Sumuk Shashidhar, Abhinav Chinta, Vaibhav Sahai, Dilek Tur


Abstract
Large language models demonstrate impressive reasoning abilities but struggle to provide personalized content due to their lack of individual user preference information. Existing methods, such as in-context learning and parameter-efficient fine-tuning, fall short in capturing the complexity of human preferences, especially given the small, personal datasets individuals possess. In this paper, we propose a novel approach utilizing small parameter models as preference agents to generate natural language rules that guide a larger, pre-trained model, enabling efficient personalization. Our method involves a small, local “steering wheel” model that directs the outputs of a much larger foundation model, producing content tailored to an individual’s preferences while leveraging the extensive knowledge and capabilities of the large model. Importantly, this personalization is achieved without the need to fine-tune the large model. Experimental results on email and article datasets, demonstrate that our technique significantly outperforms baseline personalization methods.
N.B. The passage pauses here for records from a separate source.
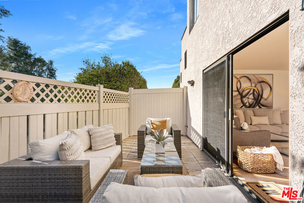 Welcome to this large 2-story townhome with a huge private & sunny patio! With only one shared wall, this home has a great open floor plan with a spacious living room, dining area and fireplace. Sliding doors lead to the outdoor oasis which feels like an extra living room, also perfect for al fresco dining. The open kitchen with breakfast bar has all new stainless steel appliances. The main bedroom suite has huge closet space and a full en-suite bathroom with skylight. Additional features include central air & heat, in-unit washer/dryer, side by side parking and ample extra storage. HOA fees includes EQ insurance, secured garage with guest parking, sparkling heated pool + jacuzzi and much more. Located on a quiet tree lined street, this elevator building has great reserves and features a private park area for your outdoor gatherings. Take the Ballona Creek bike paths down to the beach, walk great restaurants like Lodge Bread, Hatchet Hall, The Mar Vista Farmers Market ... this one has it all in prime location!
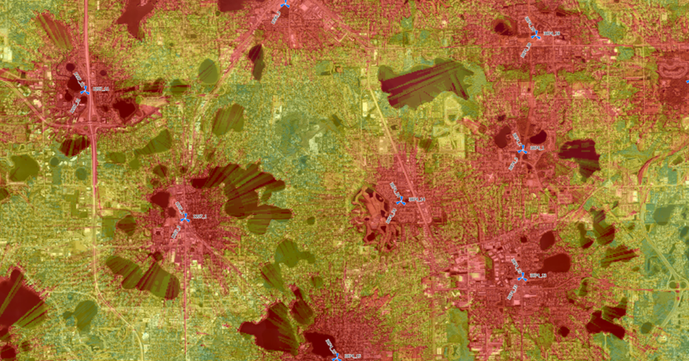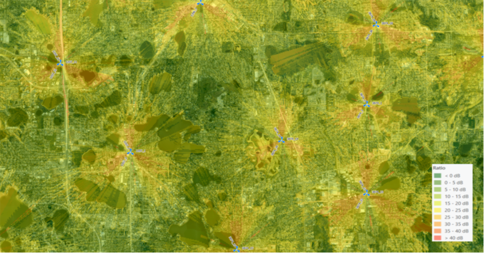 - C/I rasters show Carrier-to-interference ratio in dB, to account for inter-cell interference from nearby cells that utilize the same carrier.
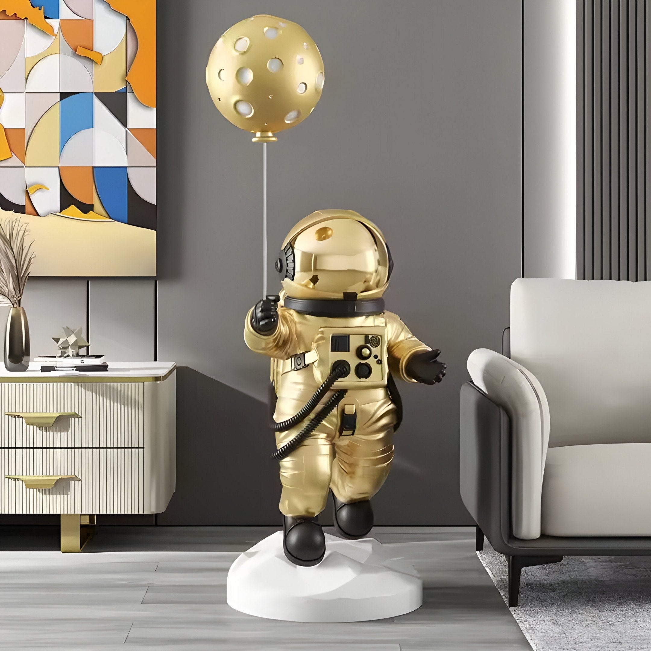 Add a cosmic highlight to your interior with the Celestial Gold Astronaut Ranger Balloon Sculpture measuring 120 cm in height. Crafted from resin with a luminous gold finish, this figure exudes futuristic flair while capturing the imagination. The astronaut’s suit features panel details, tubing, and a reflective visor that draws in ambient light, emphasising its adventurous theme. Held in one hand is a crater-pattern balloon, further enhancing the celestial vibe. Whether displayed in a stylish lounge, contemporary office, or creative studio, the sculpture commands attention without overwhelming the space.
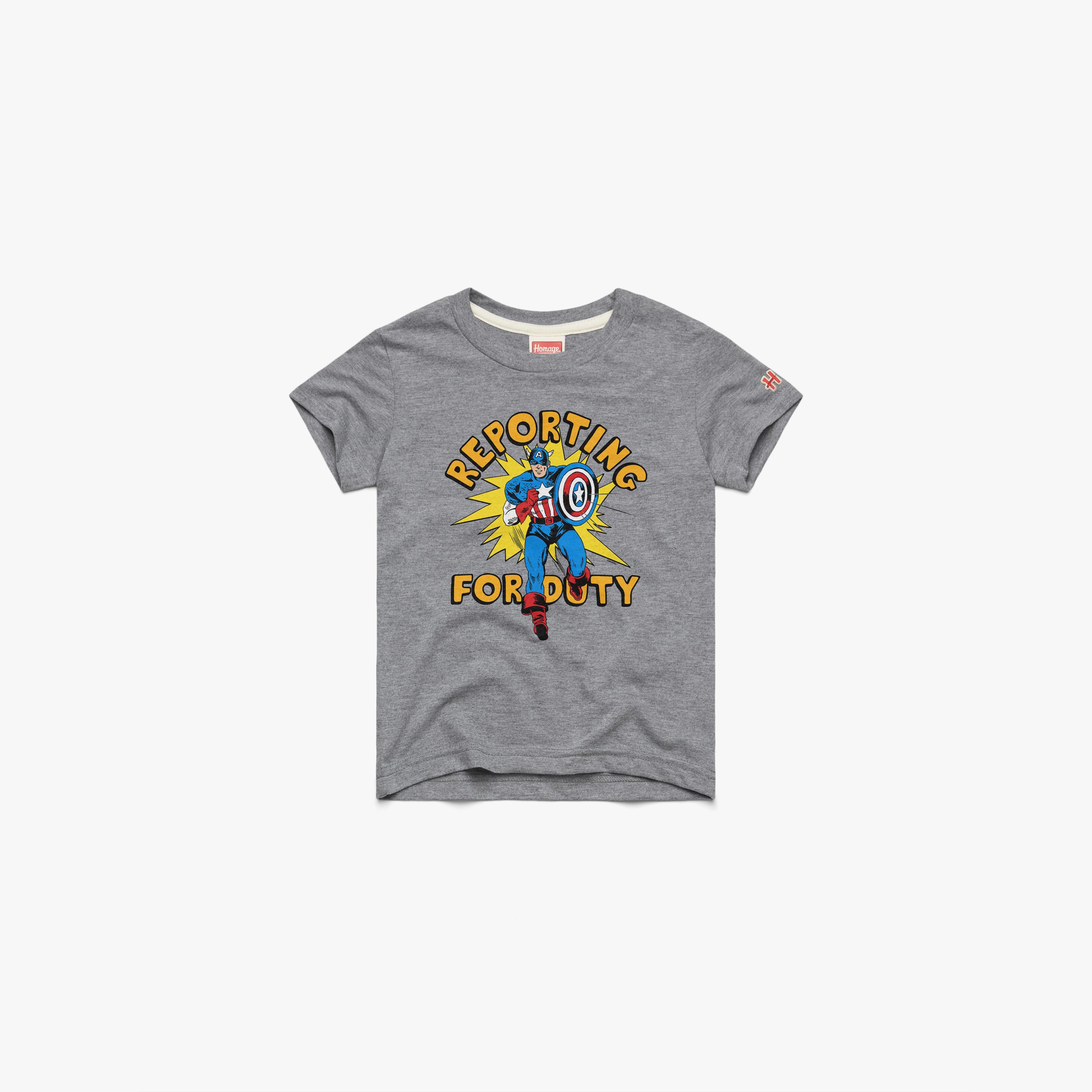 America’s greatest hero, reporting for duty. Rep the super-solider who defends the red, white and blue with this super-soft look for Captain America, and pay homage.
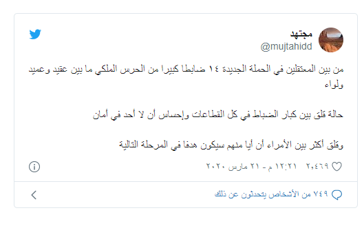 وذكر الحساب في تغريدته أنه "من بين المعتقلين في الحملة الجديدة 14 ضابطا كبيرا من الحرس الملكي، ما بين عقيد وعميد ولواء"، مؤكدا أن "هناك حالة قلق بين كبار الضباط في كل القطاعات، وإحساس أن لا أحد في أمان".
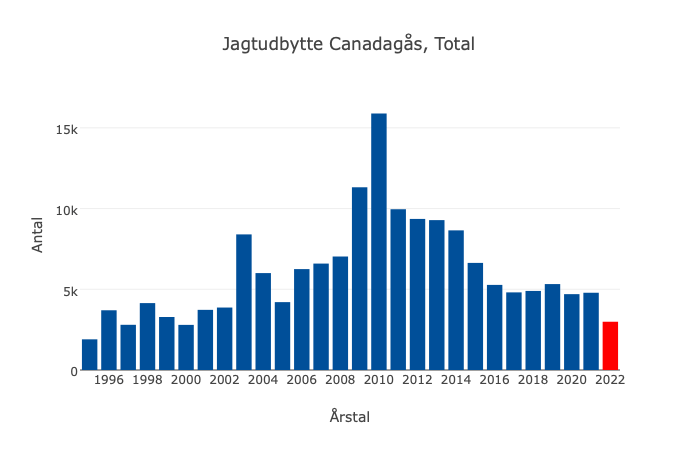 I følge DCE’s informationer toppede udbyttet med knap 16.000 i sæsonen 2010. I jagtsæsonen 2022 indrapporterede de danske jægere færre end 3.000 canadagæs til DCE.
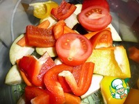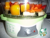 Овощи нарезать произвольно, сложить в пароварку (баклажан можно почистить). |
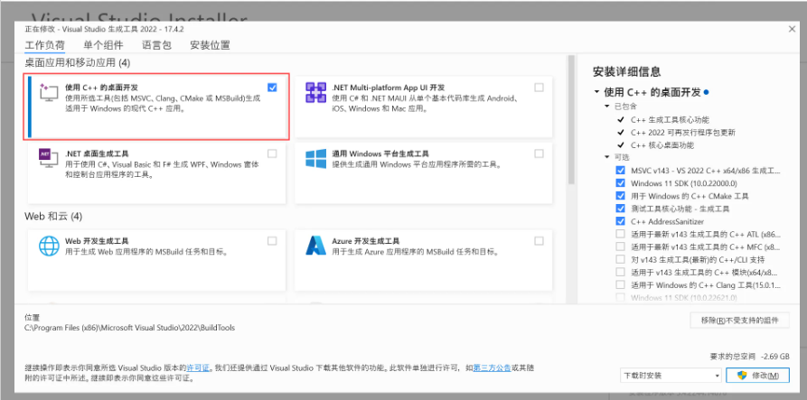 1.下载 Microsoft C++ 生成工具 安装程序并打开它以开始安装。
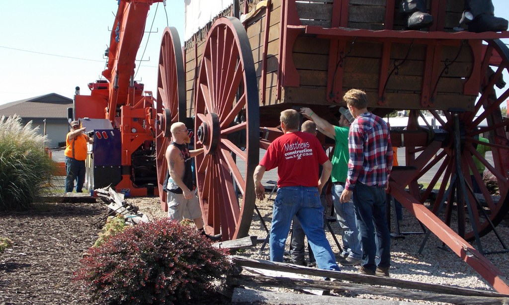 Railsplitter Covered Wagon doing repairs caused by recent wind
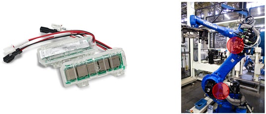 マクセルの全固体電池を搭載した電源モジュール(左)、全固体電池を搭載した産業用ロボット(赤丸の位置に全固体電池の電源モジュールを搭載(*1))(右)
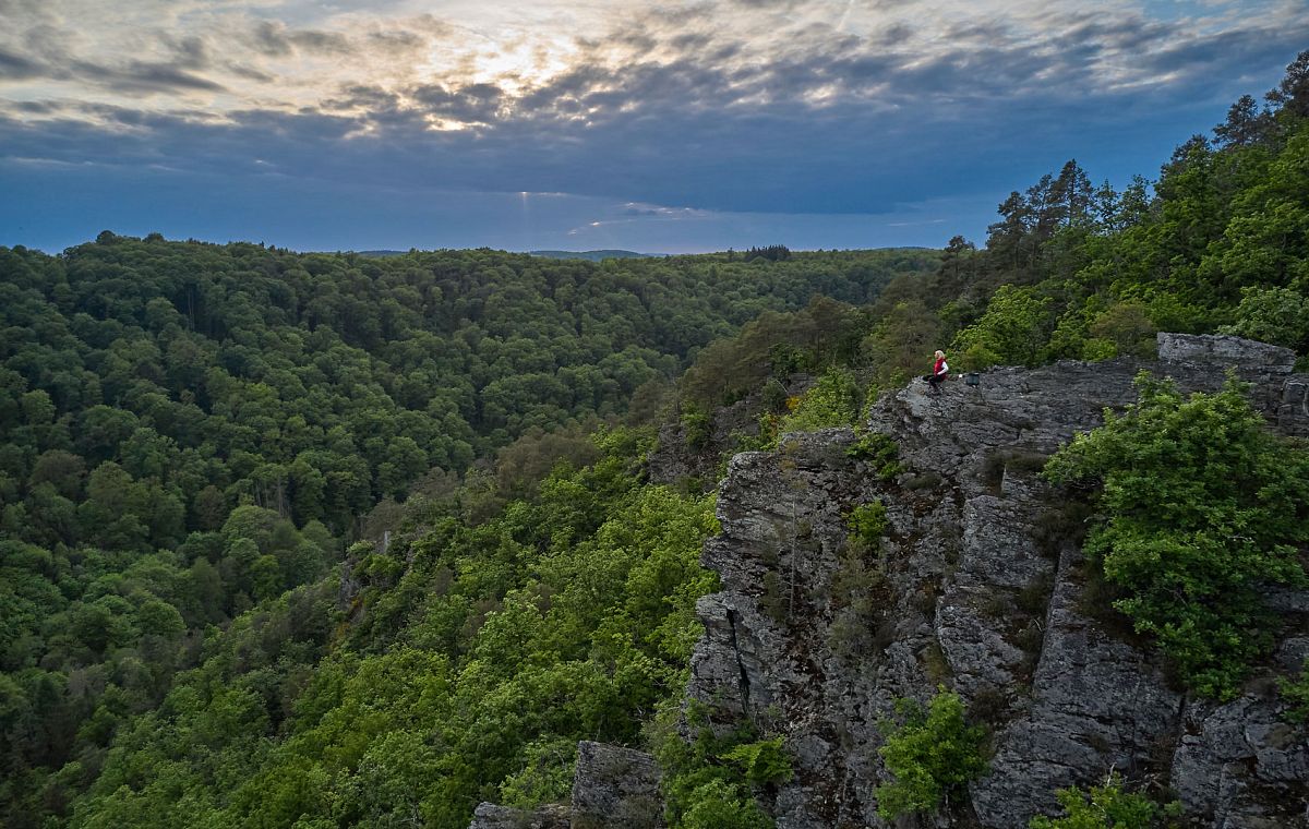 Eine kurze, gesicherte Kletterpassage öffnet den Weg zu einem alten Waldweg, gefolgt von aufsteigenden Abschnitten durch offenen Laubwald. Infotafeln vermitteln kulturhistorische Tiefe und verankern das Erleben inregionaler Geschichte. Der höchste Punkt mit knapp 400 Metern bietet erneut einen grandiosen Panoramablick, während die Wellenliege einen weiten Fernblick über offenes Feldland ermöglicht.

By allowing foundation models to adapt to individual preferences in a data and compute-efficient manner, our approach paves the way for highly personalized language model applications.
Anthology ID:
2024.emnlp-main.200
Volume:
Proceedings of the 2024 Conference on Empirical Methods in Natural Language Processing
Month:
November
Year:
2024
Address:
Miami, Florida, USA
Editors:
Yaser Al-Onaizan, Mohit Bansal, Yun-Nung Chen
Venue:
EMNLP
SIG:
Publisher:
Association for Computational Linguistics
Note:
Pages:
3412–3445
Language:
URL:
https://aclanthology.org/2024.emnlp-main.200
DOI:
Bibkey:
Cite (ACL):
Sumuk Shashidhar, Abhinav Chinta, Vaibhav Sahai, and Dilek Tur. 2024. Unsupervised Human Preference Learning. In Proceedings of the 2024 Conference on Empirical Methods in Natural Language Processing, pages 3412–3445, Miami, Florida, USA. Association for Computational Linguistics.
Cite (Informal):
Unsupervised Human Preference Learning (Shashidhar et al., EMNLP 2024)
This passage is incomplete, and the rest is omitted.